Task to complete: Scan the records below for the line with "Jané 3 Position" and the line with "Bag For ,Grey". Repeat those two lines and every line between them exactly, and nothing else.

The records:
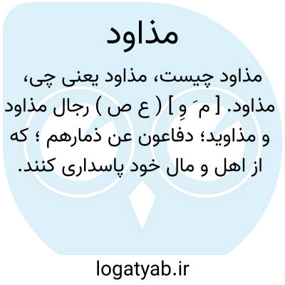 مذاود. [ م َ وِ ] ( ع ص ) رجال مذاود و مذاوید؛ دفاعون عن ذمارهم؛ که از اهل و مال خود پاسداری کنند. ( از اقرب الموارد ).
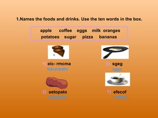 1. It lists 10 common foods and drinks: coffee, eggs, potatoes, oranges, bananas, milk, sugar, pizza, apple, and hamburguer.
...
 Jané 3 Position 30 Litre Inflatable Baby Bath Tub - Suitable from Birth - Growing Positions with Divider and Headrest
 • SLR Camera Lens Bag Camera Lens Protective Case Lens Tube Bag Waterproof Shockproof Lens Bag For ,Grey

Your response:
 Jané 3 Position 30 Litre Inflatable Baby Bath Tub - Suitable from Birth - Growing Positions with Divider and Headrest
 • SLR Camera Lens Bag Camera Lens Protective Case Lens Tube Bag Waterproof Shockproof Lens Bag For ,Grey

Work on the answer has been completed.